> EXERCISE AIM
Only the text of the entries below should appear in your exact transcription; leave out every picture.

> PROVIDED INFORMATION
........

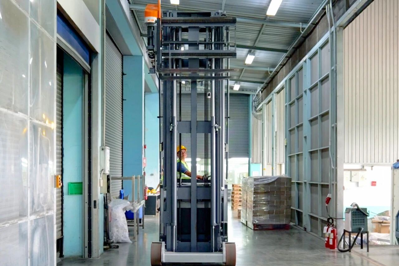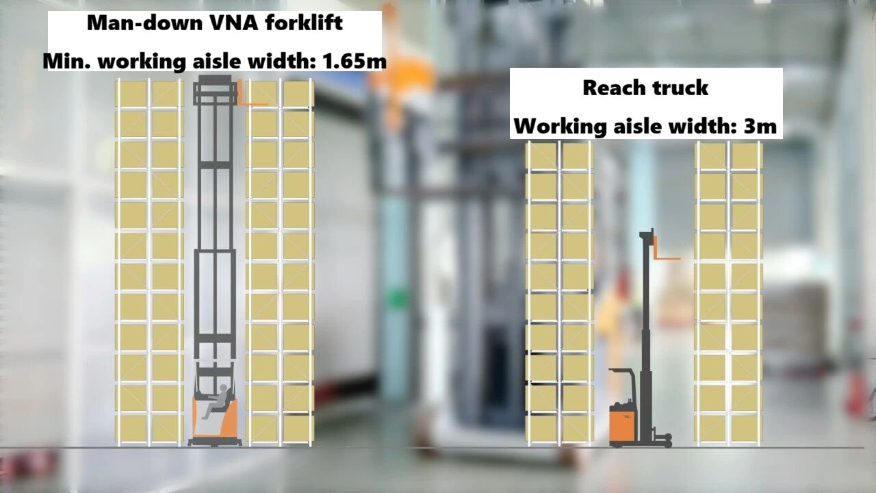 2) The 4 units of man-down seated type 3-way VNA forklifts are equipped with 3-way electric forks that can rotate 180°. This allows for loading, unloading, and stacking operations in three directions without the need to turn the vehicle in the aisle, greatly simplifying the operation process, reducing the time per operation, and improving the efficiency of order fulfillment.
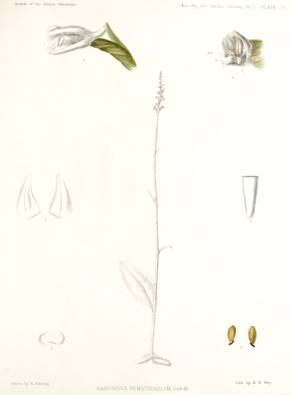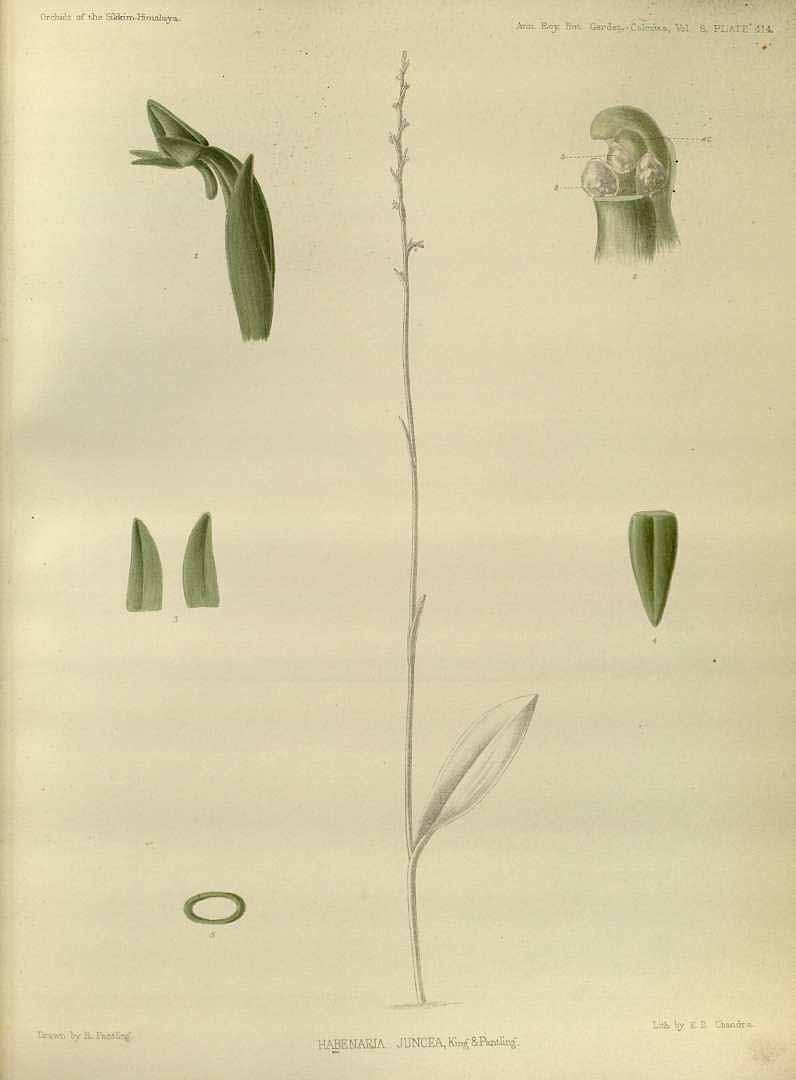 Drawing Pantlings original drawing of Habenaria juncea Drawings by © R Pantling and Swiss Orchid Foundation at the Jany Renz Herbaria Website What was Platanthera juncea Photos by © Naresh Swami and Orchids of Sikkim Himalayas/Memoirs of an Orchid Hunter Website Common Name The Slender Stemmed Peristylus - In China Xiao Qiao Kuo Rui Lan
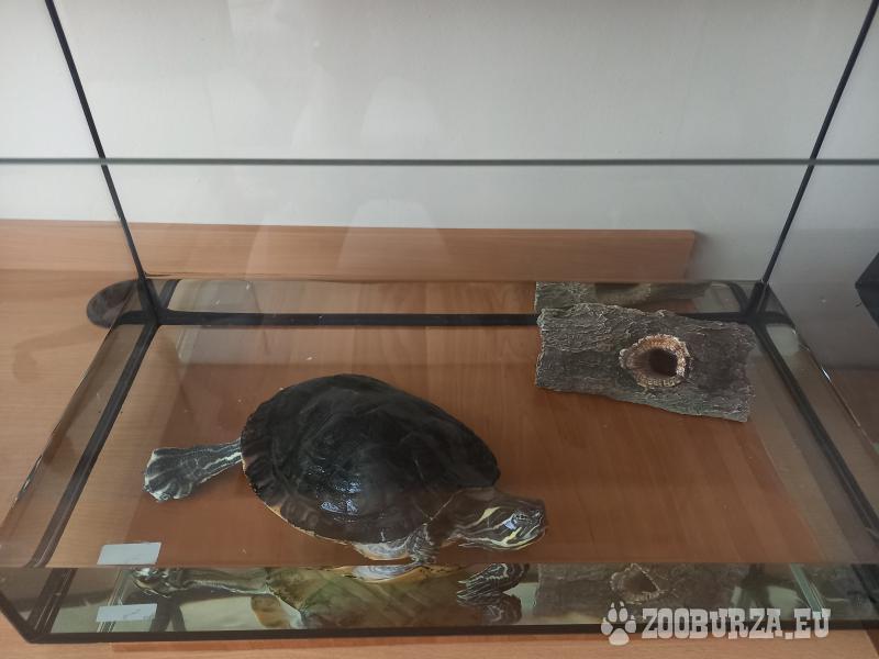 Popis: Predám vodnú korytnačku aj s akváriom, krmivom, kameňom a UV žiarovkou. Rozmery akvária: dĺžka 60cm x šírka 30cm x hĺbka 35cm. Predajná cena: 60€, osobný odber Bratislava. Možnosť zakúpiť korytnačku aj osobitne za 30€.
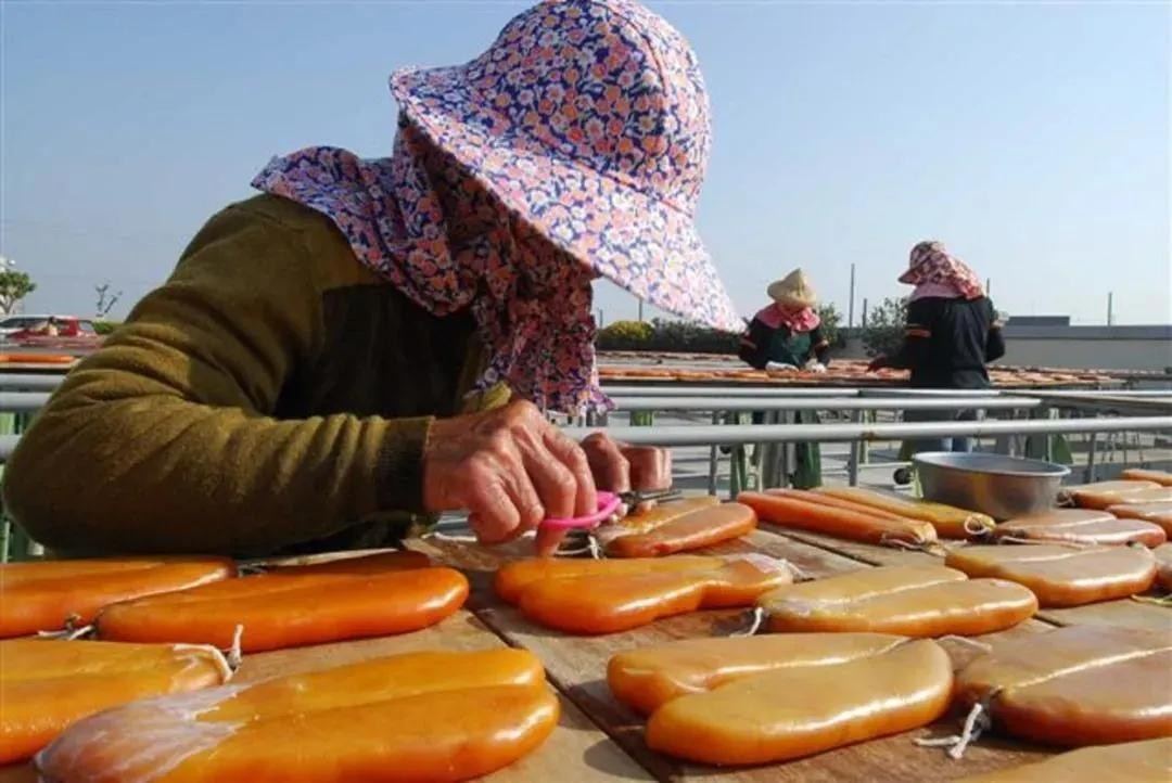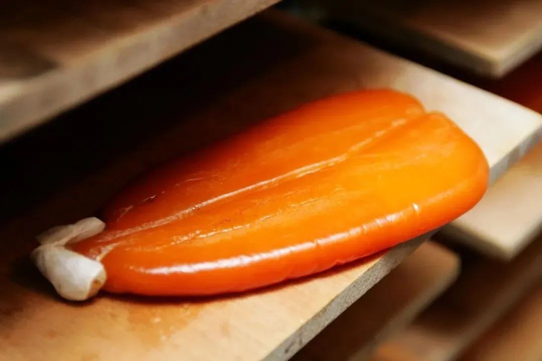 而且只有成长了3-4年的乌鱼。才能长出硕大肥美的乌鱼子。在腌制脱水晾晒中,每天要经过十多次的手动翻面,几百次的按捏,最终成为优质乌鱼子成品。
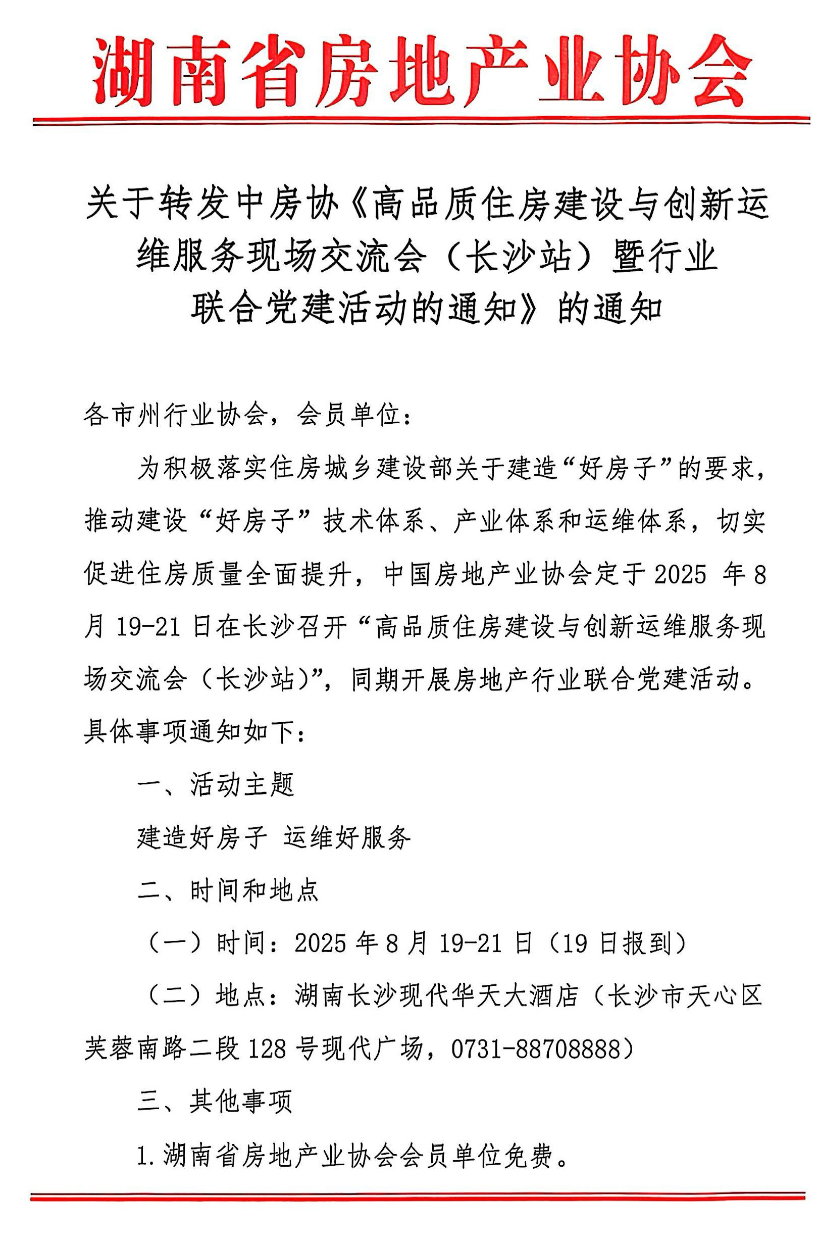 關于轉發中房協《高品質住房建設與創新運維服務現場交流會(長沙站)暨行業聯合黨建活動的通知》的通知

........

> YOUR SOLUTION
 2) The 4 units of man-down seated type 3-way VNA forklifts are equipped with 3-way electric forks that can rotate 180°. This allows for loading, unloading, and stacking operations in three directions without the need to turn the vehicle in the aisle, greatly simplifying the operation process, reducing the time per operation, and improving the efficiency of order fulfillment.
 Drawing Pantlings original drawing of Habenaria juncea Drawings by © R Pantling and Swiss Orchid Foundation at the Jany Renz Herbaria Website What was Platanthera juncea Photos by © Naresh Swami and Orchids of Sikkim Himalayas/Memoirs of an Orchid Hunter Website Common Name The Slender Stemmed Peristylus - In China Xiao Qiao Kuo Rui Lan
 Popis: Predám vodnú korytnačku aj s akváriom, krmivom, kameňom a UV žiarovkou. Rozmery akvária: dĺžka 60cm x šírka 30cm x hĺbka 35cm. Predajná cena: 60€, osobný odber Bratislava. Možnosť zakúpiť korytnačku aj osobitne za 30€.
 而且只有成长了3-4年的乌鱼。才能长出硕大肥美的乌鱼子。在腌制脱水晾晒中,每天要经过十多次的手动翻面,几百次的按捏,最终成为优质乌鱼子成品。
 關于轉發中房協《高品質住房建設與創新運維服務現場交流會(長沙站)暨行業聯合黨建活動的通知》的通知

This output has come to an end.